- [Instructions for the task]: Copy the data that appears below exactly. Drop the pictures.
─── Data to process
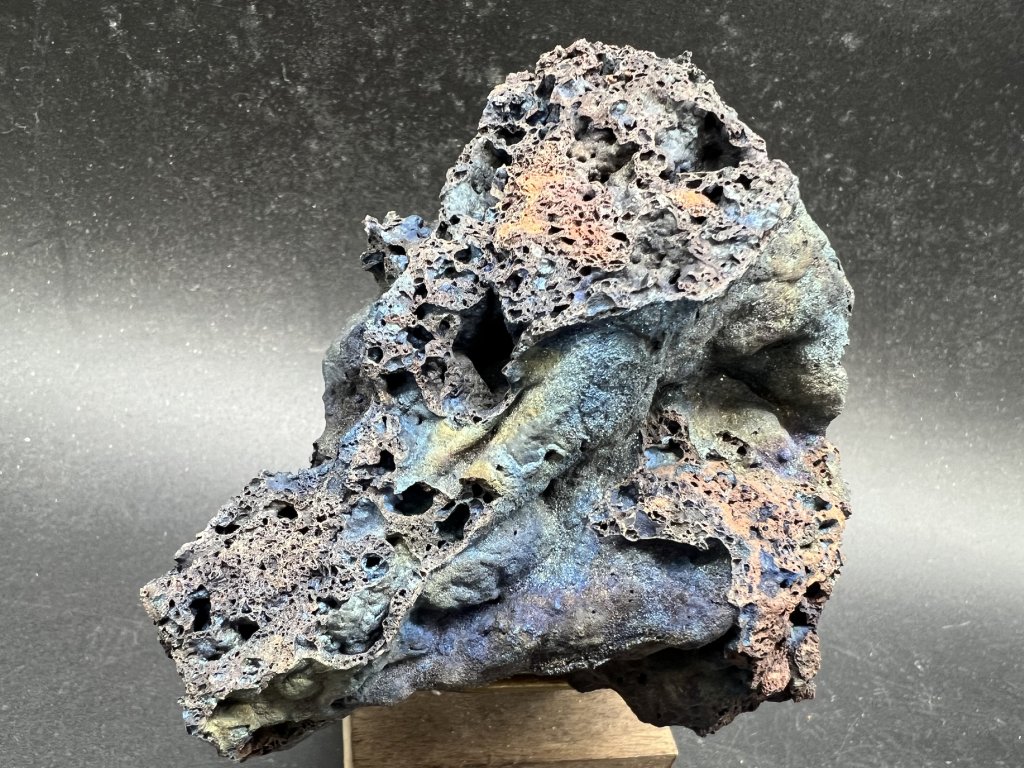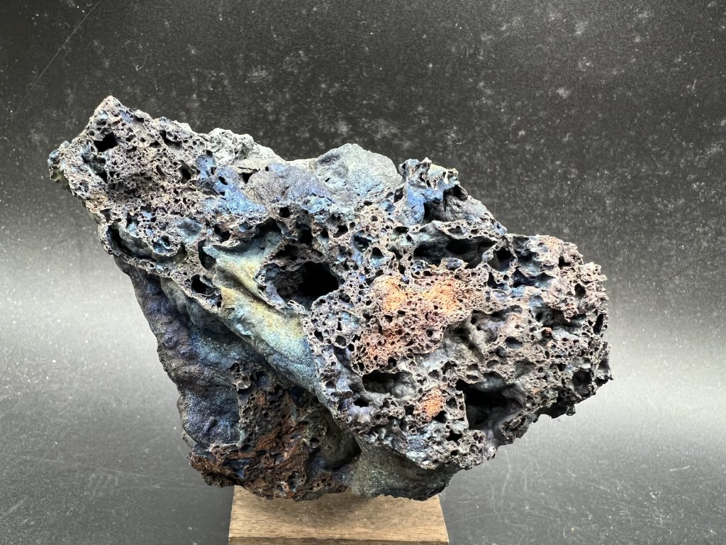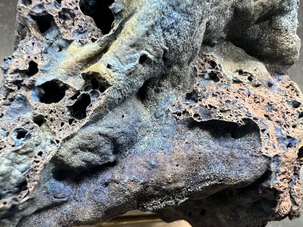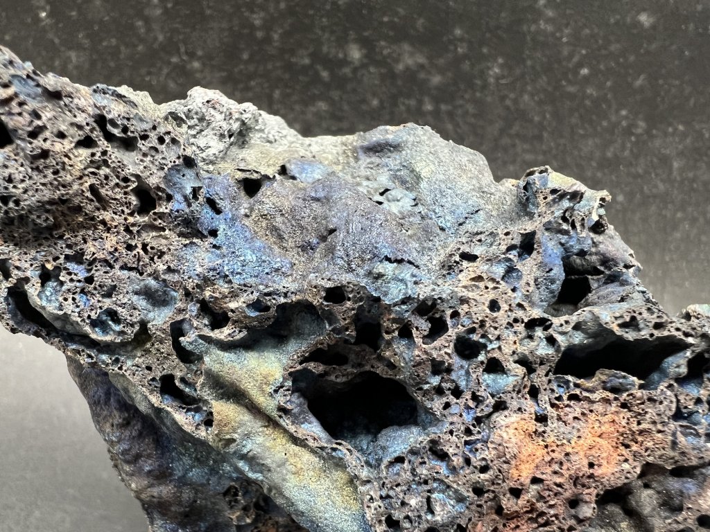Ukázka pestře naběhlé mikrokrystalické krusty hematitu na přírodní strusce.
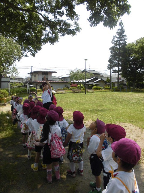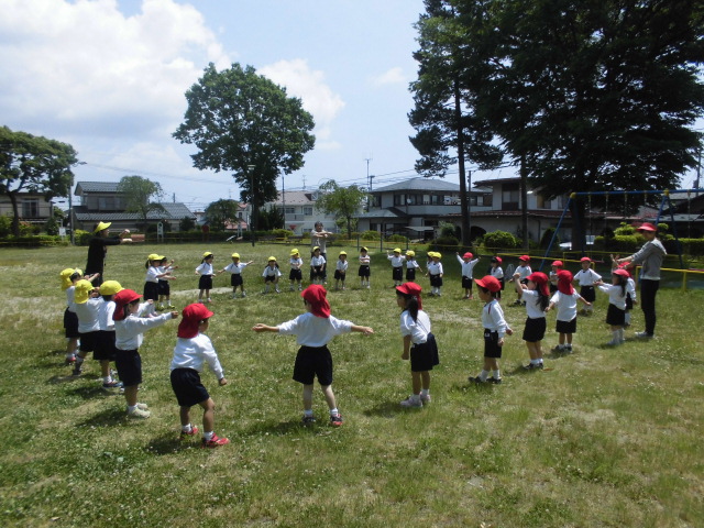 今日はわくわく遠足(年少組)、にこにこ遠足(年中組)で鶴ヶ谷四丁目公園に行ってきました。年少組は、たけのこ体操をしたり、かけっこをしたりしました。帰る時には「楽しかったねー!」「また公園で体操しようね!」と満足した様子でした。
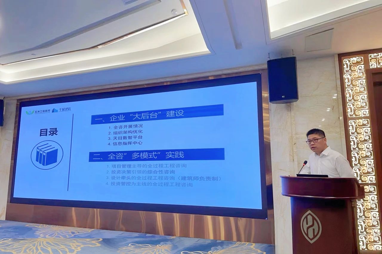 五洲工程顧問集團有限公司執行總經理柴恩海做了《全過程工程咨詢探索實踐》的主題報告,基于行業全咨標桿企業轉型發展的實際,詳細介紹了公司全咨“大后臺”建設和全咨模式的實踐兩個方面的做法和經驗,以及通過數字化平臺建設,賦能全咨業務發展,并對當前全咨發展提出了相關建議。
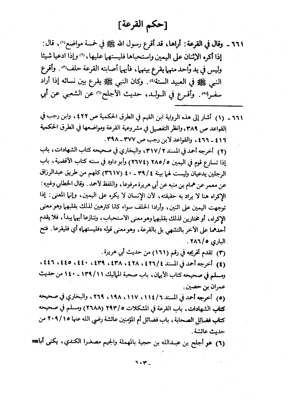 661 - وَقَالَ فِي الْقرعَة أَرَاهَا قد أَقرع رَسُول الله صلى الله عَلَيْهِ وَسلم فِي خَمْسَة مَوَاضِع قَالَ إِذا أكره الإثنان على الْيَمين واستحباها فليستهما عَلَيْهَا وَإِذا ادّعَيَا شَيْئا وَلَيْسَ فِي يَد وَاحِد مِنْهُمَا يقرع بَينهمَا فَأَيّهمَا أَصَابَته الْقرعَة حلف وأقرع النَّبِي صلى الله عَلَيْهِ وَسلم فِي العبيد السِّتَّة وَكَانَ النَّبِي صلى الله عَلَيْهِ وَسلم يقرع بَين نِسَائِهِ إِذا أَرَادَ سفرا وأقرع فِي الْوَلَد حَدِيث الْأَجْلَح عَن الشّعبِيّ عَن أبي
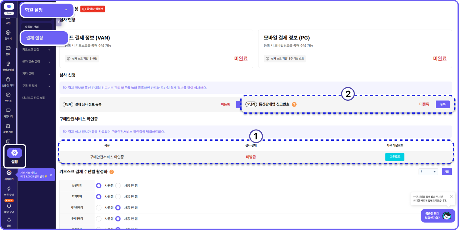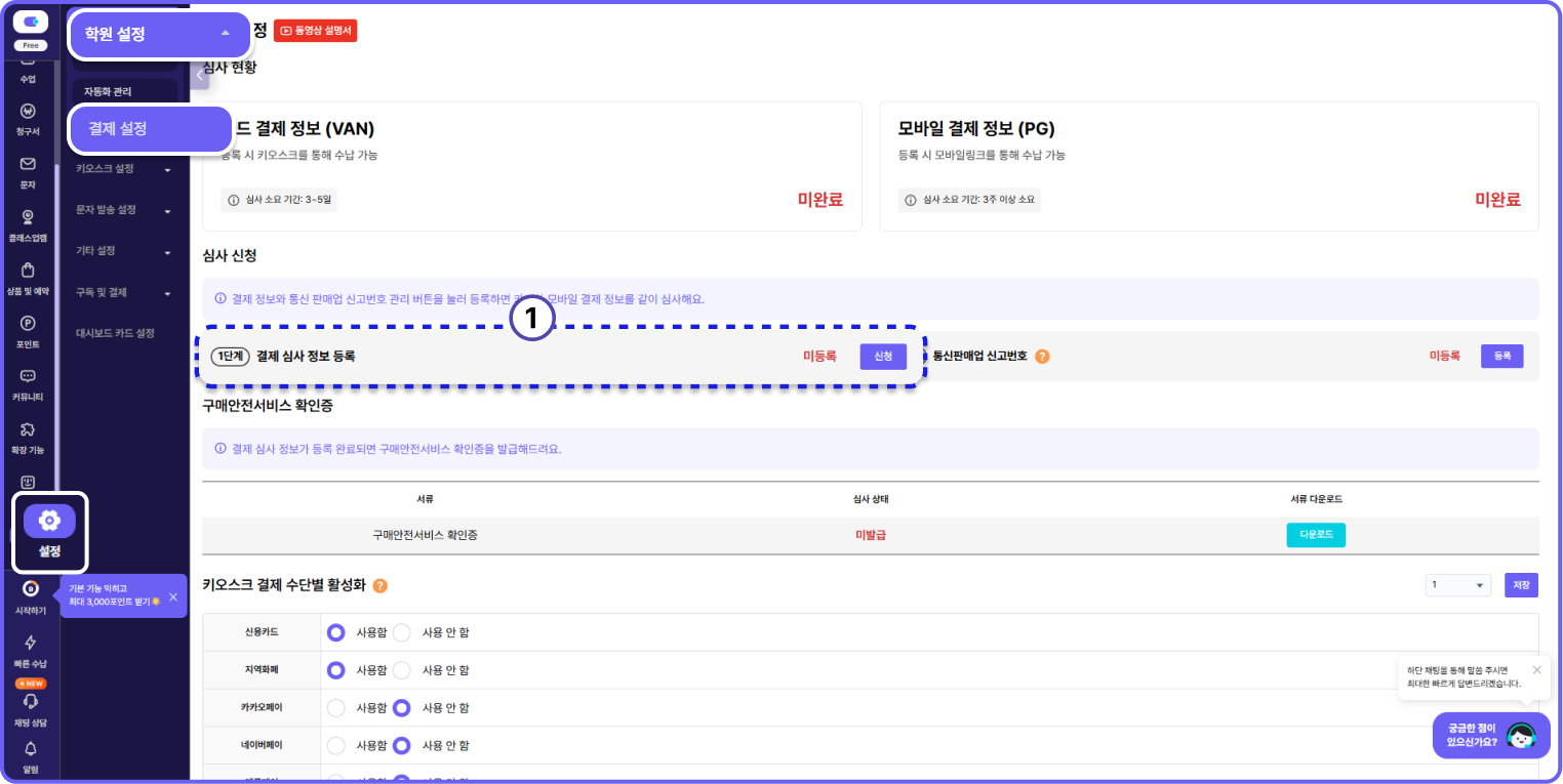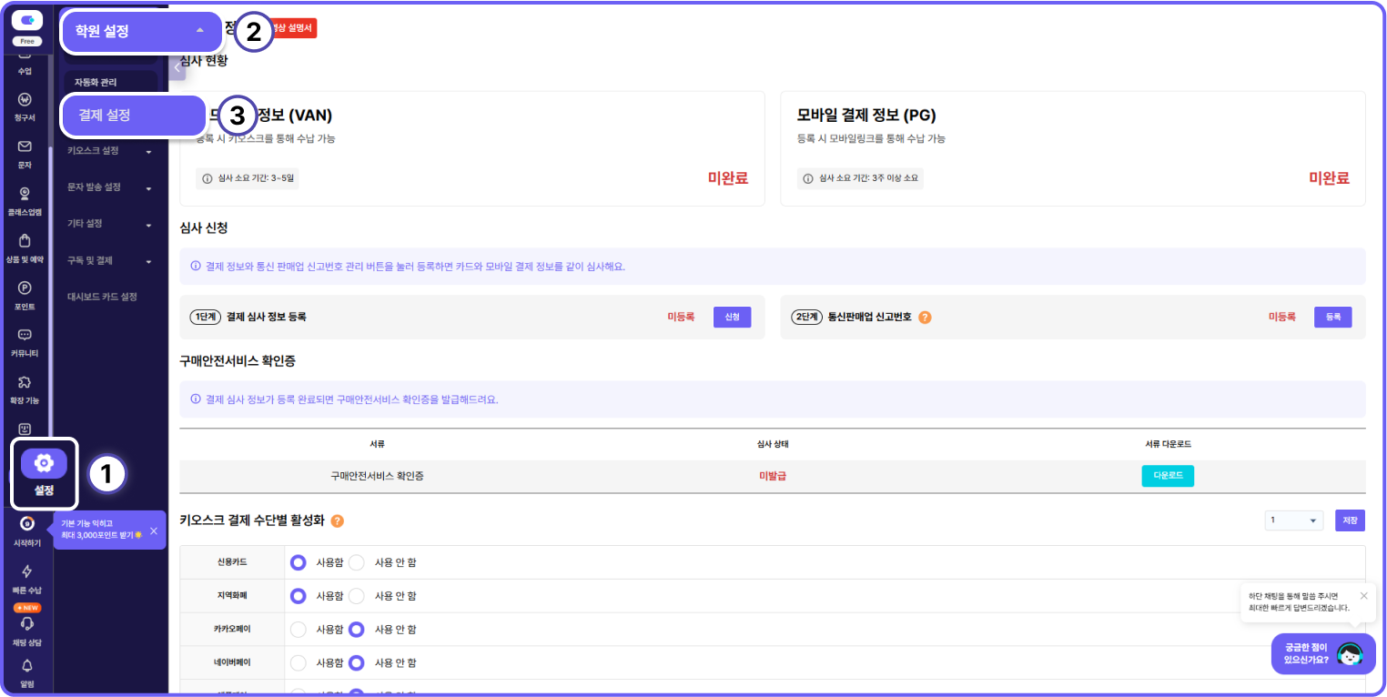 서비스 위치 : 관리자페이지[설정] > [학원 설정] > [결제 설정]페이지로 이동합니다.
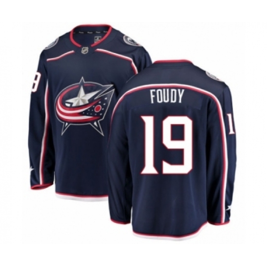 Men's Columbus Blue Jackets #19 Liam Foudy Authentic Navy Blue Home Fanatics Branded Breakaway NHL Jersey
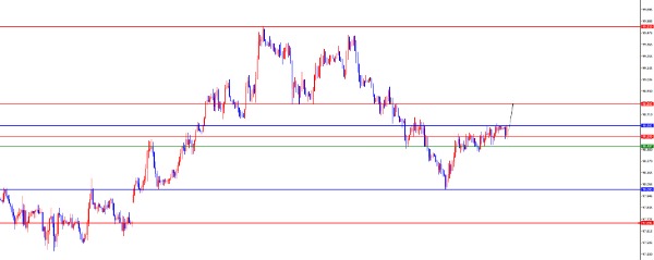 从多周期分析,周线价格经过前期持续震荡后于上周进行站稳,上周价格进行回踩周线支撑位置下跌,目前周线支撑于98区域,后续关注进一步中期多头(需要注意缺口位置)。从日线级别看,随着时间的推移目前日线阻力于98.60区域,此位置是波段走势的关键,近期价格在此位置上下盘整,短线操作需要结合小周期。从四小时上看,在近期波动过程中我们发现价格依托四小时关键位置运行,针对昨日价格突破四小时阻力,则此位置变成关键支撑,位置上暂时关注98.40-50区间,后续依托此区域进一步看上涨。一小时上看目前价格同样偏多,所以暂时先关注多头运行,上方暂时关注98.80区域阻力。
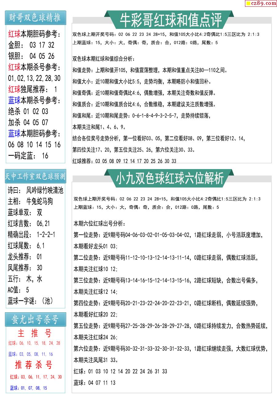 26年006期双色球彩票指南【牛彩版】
──────
- [Final answer]:
Ukázka pestře naběhlé mikrokrystalické krusty hematitu na přírodní strusce.
 今日はわくわく遠足(年少組)、にこにこ遠足(年中組)で鶴ヶ谷四丁目公園に行ってきました。年少組は、たけのこ体操をしたり、かけっこをしたりしました。帰る時には「楽しかったねー!」「また公園で体操しようね!」と満足した様子でした。
 五洲工程顧問集團有限公司執行總經理柴恩海做了《全過程工程咨詢探索實踐》的主題報告,基于行業全咨標桿企業轉型發展的實際,詳細介紹了公司全咨“大后臺”建設和全咨模式的實踐兩個方面的做法和經驗,以及通過數字化平臺建設,賦能全咨業務發展,并對當前全咨發展提出了相關建議。
 661 - وَقَالَ فِي الْقرعَة أَرَاهَا قد أَقرع رَسُول الله صلى الله عَلَيْهِ وَسلم فِي خَمْسَة مَوَاضِع قَالَ إِذا أكره الإثنان على الْيَمين واستحباها فليستهما عَلَيْهَا وَإِذا ادّعَيَا شَيْئا وَلَيْسَ فِي يَد وَاحِد مِنْهُمَا يقرع بَينهمَا فَأَيّهمَا أَصَابَته الْقرعَة حلف وأقرع النَّبِي صلى الله عَلَيْهِ وَسلم فِي العبيد السِّتَّة وَكَانَ النَّبِي صلى الله عَلَيْهِ وَسلم يقرع بَين نِسَائِهِ إِذا أَرَادَ سفرا وأقرع فِي الْوَلَد حَدِيث الْأَجْلَح عَن الشّعبِيّ عَن أبي
 서비스 위치 : 관리자페이지[설정] > [학원 설정] > [결제 설정]페이지로 이동합니다.
 Men's Columbus Blue Jackets #19 Liam Foudy Authentic Navy Blue Home Fanatics Branded Breakaway NHL Jersey
 从多周期分析,周线价格经过前期持续震荡后于上周进行站稳,上周价格进行回踩周线支撑位置下跌,目前周线支撑于98区域,后续关注进一步中期多头(需要注意缺口位置)。从日线级别看,随着时间的推移目前日线阻力于98.60区域,此位置是波段走势的关键,近期价格在此位置上下盘整,短线操作需要结合小周期。从四小时上看,在近期波动过程中我们发现价格依托四小时关键位置运行,针对昨日价格突破四小时阻力,则此位置变成关键支撑,位置上暂时关注98.40-50区间,后续依托此区域进一步看上涨。一小时上看目前价格同样偏多,所以暂时先关注多头运行,上方暂时关注98.80区域阻力。
 26年006期双色球彩票指南【牛彩版】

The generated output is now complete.